Где-то вдалеке зазвонил телефон, и я рассеяно кивнула в ответ.
– Все будет хорошо. Ты только помни: это всего лишь сон, – нежно проворковала она и, поцеловав в щеку, отправилась на кухню.
–Не уверена… – едва слышно протянула я вслух, вновь взглянув на отметины.
Едва мама вышла из комнаты, я повернула голову и посмотрела на электронные часы, стоявшие на прикроватном столике.
07:15
Содержание кошмара быстро уходило на второй план, а в голове появилась другая, более важная информация: через пару часов начнутся занятия.
Я неохотно сделала попытку выбраться из постели. Опустив ноги на пол, я быстро поняла, что за пределами одеяла было холодно и не приветливо. Поежившись, я мгновенно отбросила эту затею, и забралась поглубже в кровать.
– Пойдем, дорогая. Завтрак готов, – спустя несколько минут настойчивый голос мамы окончательно привел меня в чувство, и, отбросив хмурые мысли, я слабо улыбнулась. – И поторопись, не то опять опоздаешь!
Она права. Если я не хочу опоздать, стоит поторопиться.
– Иду, – тихо отозвалась я в ответ, и, сделав над собой усилие, рывком села на постели.
Я жила с родителями в престижном районе города, в доме, подаренный моим дедушкой на свадьбу родителей. Тромсё – небольшой провинциальный городок в северной части Норвегии. Мой папа, Магнус Берг, по рассказам мамы, был военным, что называется «и душой, и телом», и почти всегда находился в отъезде. Чаще всего, за пределами нашей страны.

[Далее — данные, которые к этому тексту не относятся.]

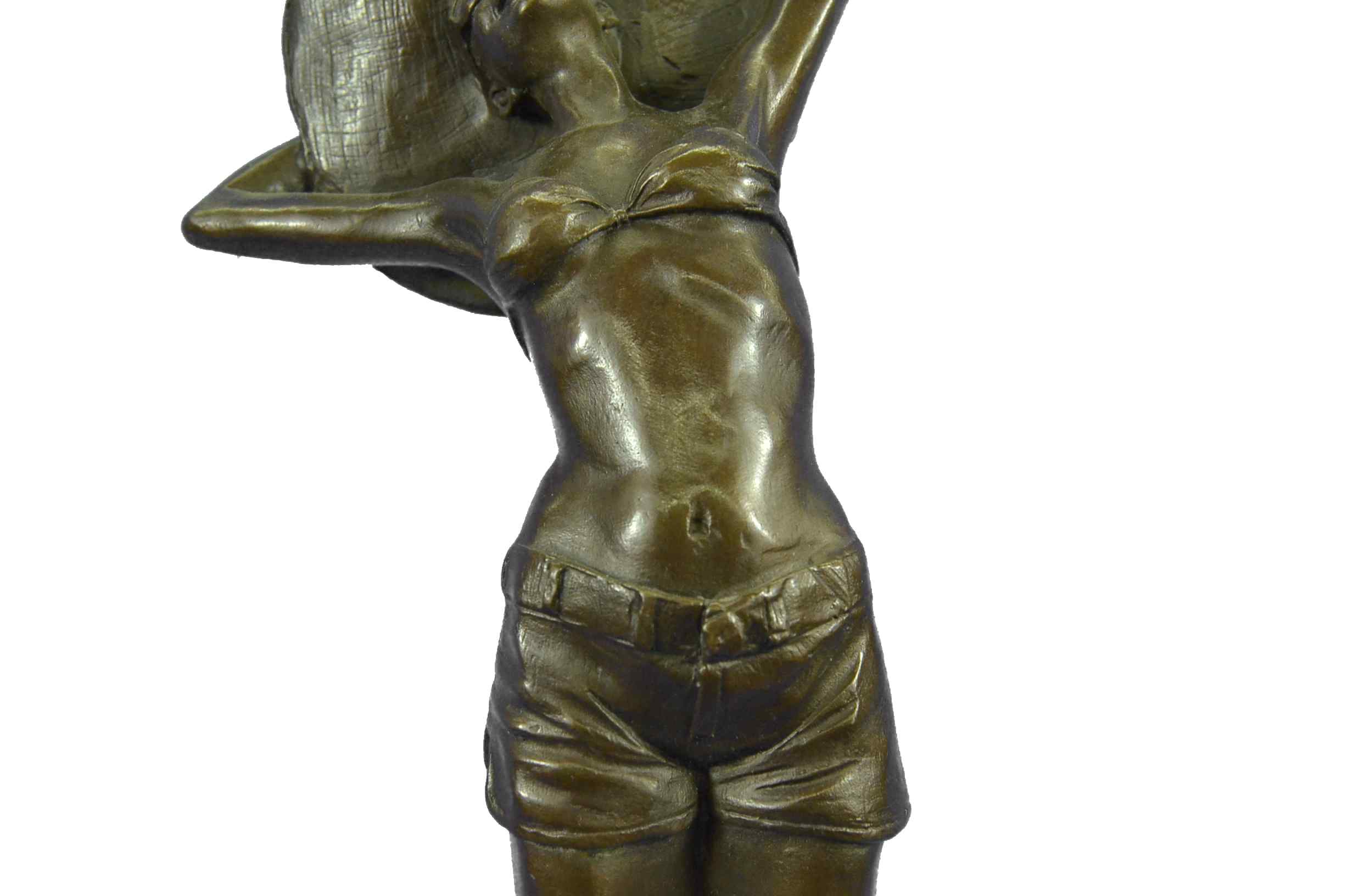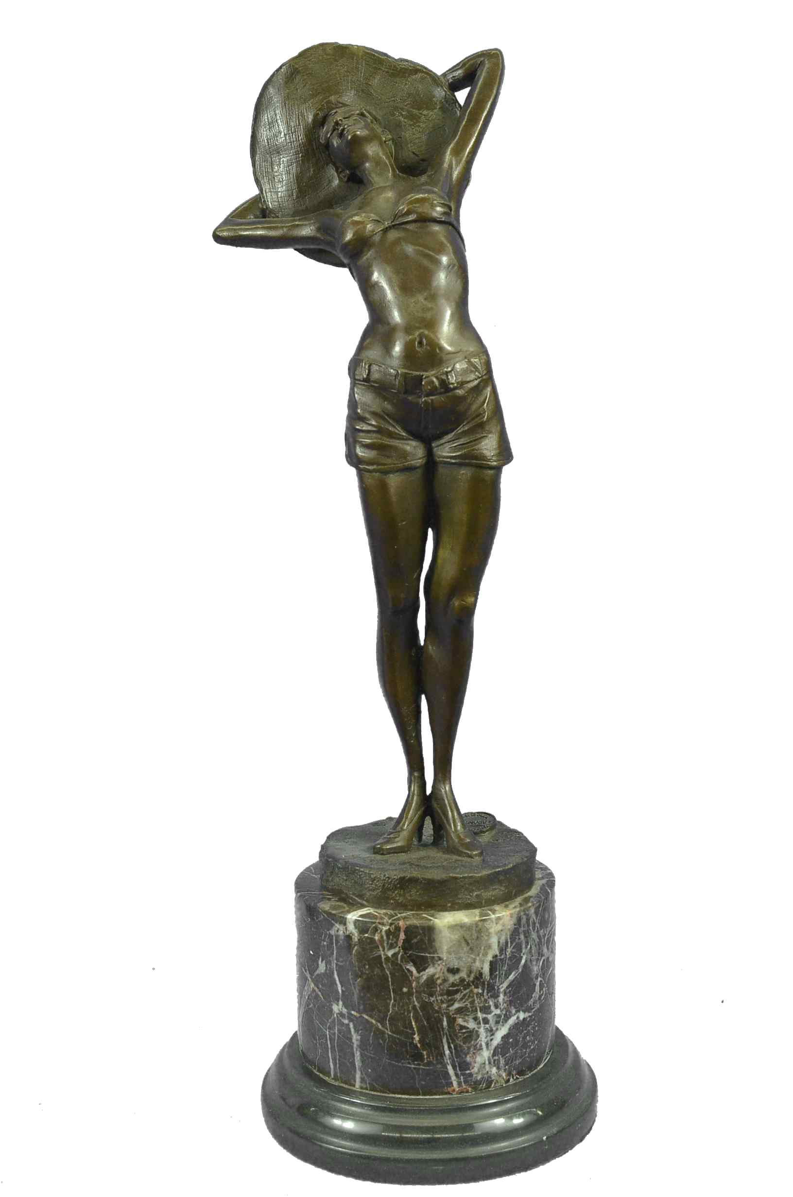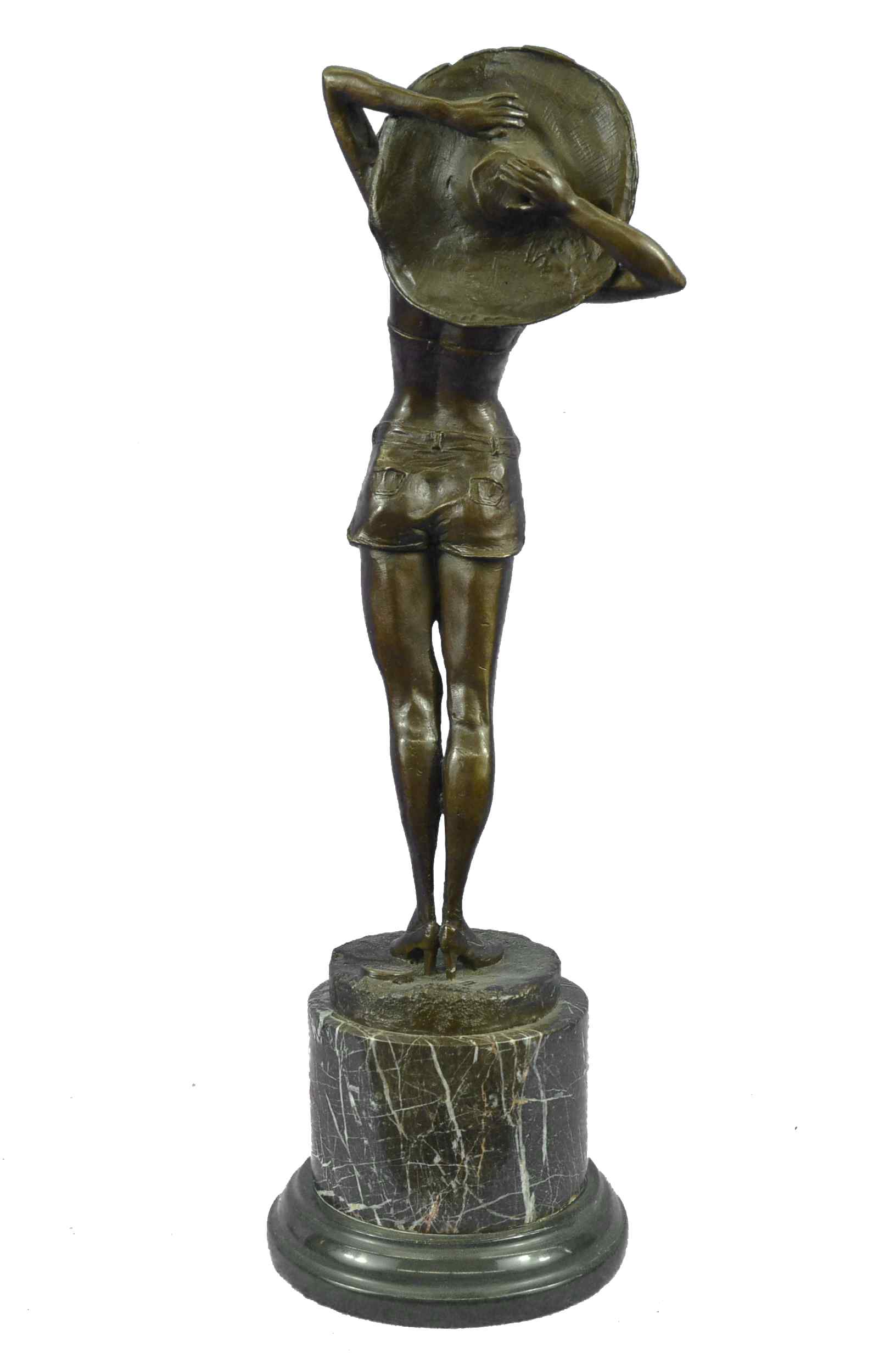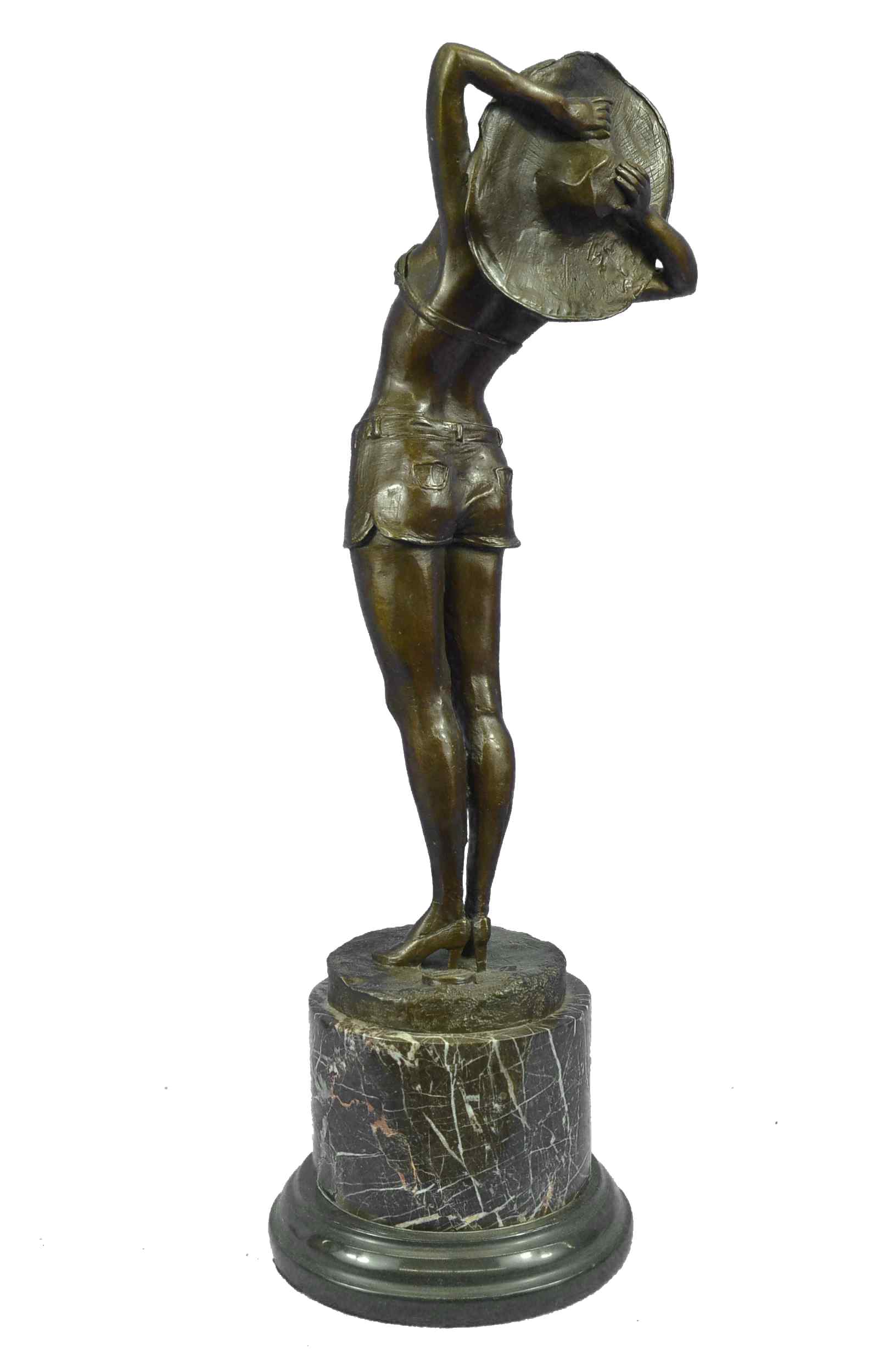 This is a beautiful and amazing piece of art. This woman soaks in the sun while she breathe in the hot summer day weather. She wears the most adorable jean shorts, white bikini top, sunglasses, and a huge old fashion hat that covers all of the sun off her head. She seems to be enjoying the day by herself, and although you cant see because of her sunglasses it seems to me as if she has her eyes closed to picture the beauty around her. She has a wonderful and fit frame as she stretches upwards and puts her arms behind her head to hold on to her hat. This magnificent modern sculpture is cast using the "Lost Wax Method" in a multicolor two tone brown, blue, and white patina. She is mounted atop a gorgeous Brown and a little bit of black marble base, signed by the artist A.Gory.Original or Reproduction: Reproduction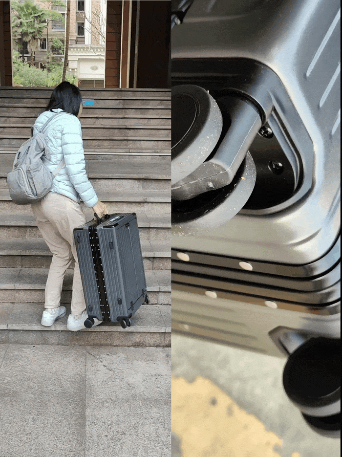 然后是轮子,这款箱子用的是双层高硬度 + 钢制轴承轻音万向轮,还带有减震橡胶,实测下来真的又顺滑又静音。我拉着它在水泥地、瓷砖地、机场传送带等不同地面上拖拉,轮子转动毫无阻力,360° 旋转特别灵活,无论是正面拖行还是侧面推行都很省力。

Моя мама, Татьяна Карамазова, юрист крупной компании по продаже автозапчастей. Суровая, но справедливая и нежная женщина, была единственной дочерью русского дипломата, работавшего в местном посольстве. Воспитанная в суровых условиях северной части России и консервативных родителей, по характеру она напоминала типичную «русскую женщину Тургенева»: нежную и слабую, но со стальным характером и решительным нравом, когда это было необходимо.
Когда папа долго отсутствовал, мама становилась чрезмерно заботливой по отношению ко мне, и такие моменты для меня были самыми тяжелыми. Она контролировала каждый мой шаг, и если происходило что-то, что отличалось от её понимания нормального – дома происходила ссора. Поэтому именно в такие моменты я старалась как можно реже попадаться ей на глаза, ибо давно поняла, что наше понятие «нормального» слишком различно. Как не странно, но в свои шестнадцать лет я давно сформировала для себя современное понимание «что такое хорошо» и «что такое плохо». Отчасти именно поэтому её попытка меня перевоспитать на консервативный манер всегда заканчивалась ссорой.